Sandwich me Avgo kai Bacon is the egg-and-bacon sandwich as it turns up in Greek bakery and kiosk cases nationally: cold-built, sold ready-wrapped, a small step up in richness from the plain egg version. The angle here is the pairing. Egg on its own is mild and forgiving; add bacon and you introduce salt, fat, and a smoky edge that the rest of the sandwich now has to balance rather than merely carry. Done well it is one of the more satisfying things in a Greek counter case. Done carelessly it goes greasy and one-note fast.
Construction is straightforward and the order matters. The egg is hard-boiled and either sliced or lightly mashed; the bacon is cooked separately until firm, then drained so it is not sitting in its own fat when it meets the bread. Both go into a soft roll or sliced loaf, often with the cut faces buttered. Seasoning is light because the bacon already brings the salt. Good execution means bacon cooked to a real bite and drained properly, egg still tender, bread dry enough to hold structure under the fat. Sloppy execution is limp underdone bacon shedding grease into the bread, an overcooked chalky egg, no drainage so the whole thing turns slick, and over-salting on top of an already salty cure.
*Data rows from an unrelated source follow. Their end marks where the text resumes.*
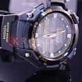 Спортивные японские мужские часы. Оснащены датчиком температуры, альтиметром, барометром и удобной электролюминесцентной подсветкой, освещающей весь циферблат. Корпус - Пластиковый; Стекло - Пластик; Водозащита - 100 м. (WR 100); Материал ремешка - Каучуковый; Цвет ремешка - Черный; Цвет циферблата - Lcd.
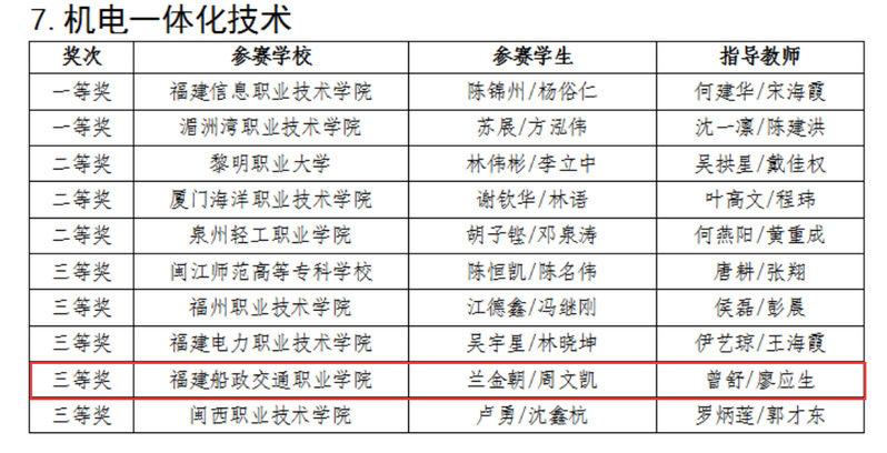 2023年12月23日-12月24日,福建省職業(yè)技能大賽“機(jī)電一體化”賽項(xiàng)在湄洲灣職業(yè)技術(shù)學(xué)院舉辦,來(lái)自全省的16支隊(duì)伍參賽。我院曾舒、廖應(yīng)生兩位老師指導(dǎo)的蘭金朝、周文凱同學(xué)獲得三等獎(jiǎng)。
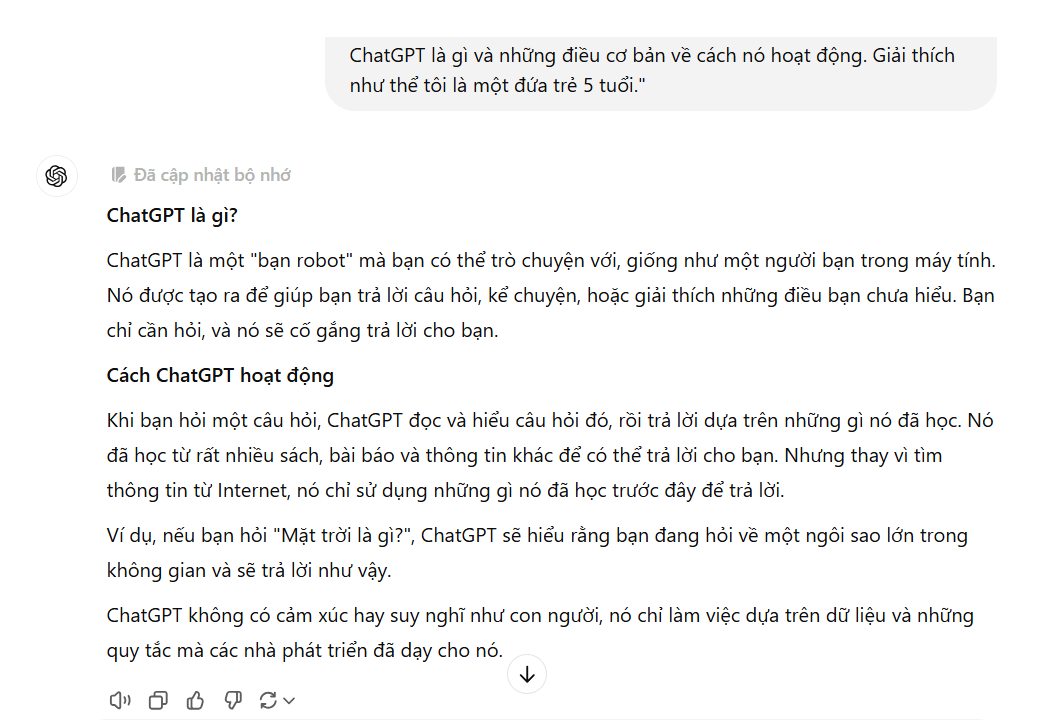 ChatGPT là gì và những điều cơ bản về cách nó hoạt động. Giải thích như thể tôi là một đứa trẻ 5 tuổi."Phản hồi của ChatGPT ở mô hình 4o mini

The fault line is almost always grease management: the counters that get this right are the ones that drain the bacon.
Variation is mostly about how the egg is treated and what rides alongside. Some build it as sliced egg with whole rashers and a leaf of lettuce, cleaner and more structured. Others fold the egg into a mayo mash and lay the bacon over that, richer and softer. A few add a slice of tomato or a smear of mustard to cut through the fat, which the sandwich genuinely benefits from. The plain egg sandwich without bacon is a quieter, distinct build and deserves its own article rather than being crowded in here. As itself, this one lives or dies on whether the bacon was cooked and drained with any attention.